John Leonard Nominations

#NBCCLeonard: Hamilton Cain on Tommy Orange’s “There There”

By NBCC

The John Leonard Prize, our annual award based on member nominations and chosen by a panel of member volunteers, is awarded for the best first book in any genre. In advance of the announcement, we're inviting members to contribute appreciations of titles under consideration. (If you're interested in doing so, please email nbcccritics@gmail.com with the subject line Leonard.) Below, Hamilton Cain writes on Tommy Orange's debut novel, “There There” (Knopf). 

The expatriate Gertrude Stein, whose writing emulated her close friend Picasso’s art, famously said of Oakland, California, her hometown, “There is no there there,” which has come down to us through the years as a kind of Cubist ars prosaica. One interpretation considers Stein’s declarative sentence a nostalgic elegy: The town she remembers – “there” – no longer exists, degraded by time and economic downturns. Another interpretation is more cynical, dismissive, a flick of the hand at Oakland’s lack of a soul–it ain’t there.

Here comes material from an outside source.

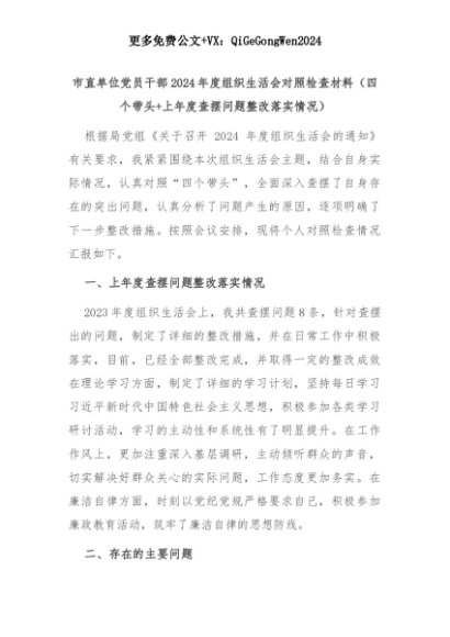 【七哥公文】2025年:市直单位党员干部2024年度组织生活会对照检查材料(四个带头+上年度查摆问题整改落实情况)+更多免费公文+VX:QiGeGongWen2024+更多免费公文+VX:QiGeGongWen2024

Set in Oakland, There There, Tommy Orange’s assured, devastating debut, confronts faceted meanings of place as well as how and why past, present, and future converge. From James Welch to Louise Erdrich to Sherman Alexie, Native novelists have explored the alienation and agonies of the reservations, where extreme poverty and alcoholism link arms as if in a tribal dance. The experiences of urban Indians have remained largely under the radar.

There There goes there: Its Native characters are exposed to the same radioactive prejudices as on Alexie’s Spokane “rez,” but also stare down other threats. A member of the Cheyenne and Arapaho tribes, Orange roams among perspectives, fleshing out his characters, whose stories eventually braid together, and lending heft to history. He opens with a stirring prologue that impressionistically recounts notorious events in Manifest Destiny, from the Pilgrims’ possible poisoning of Indians at an early Thanksgiving feast t0 the Sand Creek massacre of 1864: “The Indian head in the jar, the Indian head on a pike were like flags flown, to be seen, cast broadly.” He then shifts into his story proper, which turns on a present-day lead-up to the annual Oakland powwow, building spine-knotting suspense. This will not end well.

In There There we meet an indelible cast that includes Tony Loneman, afflicted with the “Drome” (i.e., fetal alcohol syndrome); Octavio Gomez, hatching out a murderous scheme; two middle-aged sisters, Opal Bear Shield and Jacquie Red Feather, reckoning with secrets from their past; and Opal’s adopted grandson, Orvil, whose immersion among Indians at the powwow highlights Orange’s lyrical gifts as well as his gimlet-eyed exploration of the divided Indian psyche: “There are hundreds of dancers in front of him. Behind him. To his left and right. He’s surrounded by the variegation of color and pattern specific to Indianness . . . geometrically sequenced sequin shapes on shiny and leathered fabrics, the quill, bead, ribbon, plume, feathers from magpies . . . He is an old station wagon at a car show. He is a fraud.”

A culture at war with itself, the atrocious persecutions of Native peoples, a prose so finely cut it slices the soul like a razor — these are the elements that Orange seams together. His characters lodge in our minds and hearts, and never leave. They try and fail to love. They lick their wounds. They hold down jobs. They get drunk. In spite of all the pain Oakland is their own reservation; they’re forging their fates there, lives blooming and moldering among cracks in the city’s pavement. Brilliant and beautifully crafted, There There heralds an auspicious literary career.